Le syndicat des copropriétaires s’est plaint du non-paiement des charges de copropriété.
Par acte de commissaires de justice en date du 1er décembre 2025, le syndicat des copropriétaires de l’ensemble immobilier dénommé "[Adresse 1]" situé [Adresse 5] représenté par son syndic en exercice la SARL CABINET [M] a fait citer la SCI LES TROIS BRICOLES en paiements des charges de copropriété et dommages et intérêts, selon la procédure accélérée au fond.

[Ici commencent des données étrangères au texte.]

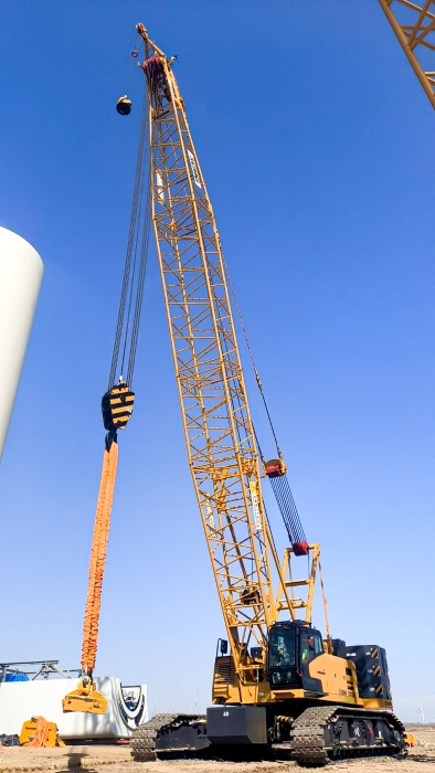 近日,在我国西北某风电场,凯发k8一触即发XLC15000(1000吨级)履带起重机,以132+12米标准风电工况,精准将重达34吨的风机叶片平稳吊装至百米高空,圆满完成10兆瓦风机吊装任务。

A l’audience du 19 décembre 2025, par l’intermédiaire de son conseil, faisant valoir ses moyens tels qu’exprimés dans ses dernières conclusions auxquelles il convient de se reporter, le syndicat des copropriétaires a maintenu ses demandes, actualisant sa créance. Il demande de condamner la SCI LES TROIS BRICOLES au paiement :
— De la somme de 2016,31 euros au titre des provisions exigibles et non réglées visées par l’article 14-1 de la loi du 10 juillet 1965 visées par l’article 19-2 de la même loi, avec intérêts au taux légal à compter de la date de la signification de l’assignation ;
— De la somme de 347,54 euros au titre des cotisations du fond travaux exigibles et non réglées visées par l’article 14-1 de la loi du 10 juillet 1965 visées par l’article 19-2 de la même loi, avec intérêts au taux légal à compter de la date de la signification de l’assignation ;
— De la somme de 476,54 euros au titre du budget prévisionnel sur la période du 1er janvier 2026 au 31 décembre 2026 ;
— De la somme de 44,72 euros au titre des dépenses pour travaux exigibles et non réglées visées par l’article 14-1 de la loi du 10 juillet 1965 visées par l’article 19-2 de la même loi, avec intérêts au taux légal à compter de la date de la signification de l’assignation ;
— De la somme de 1500 euros à titre de dommages et intérêts ;
— De la somme de 1500 euros au titre des frais irrépétibles ;
— Des dépens.
En défense, la SCI LES TROIS BRICOLES, représenté par son conseil, faisant valoir ses moyens tels qu’exposés dans ses conclusions auxquelles il convient de se reporter, demande au juge de débouter le syndicat des copropriétaires de l’ensemble immobilier dénommé "[Adresse 1]" situé [Adresse 5] représenté par son syndic en exercice la SARL CABINET [M] de l’ensemble de ses demandes, fins et conclusions et de le condamner aux dépens.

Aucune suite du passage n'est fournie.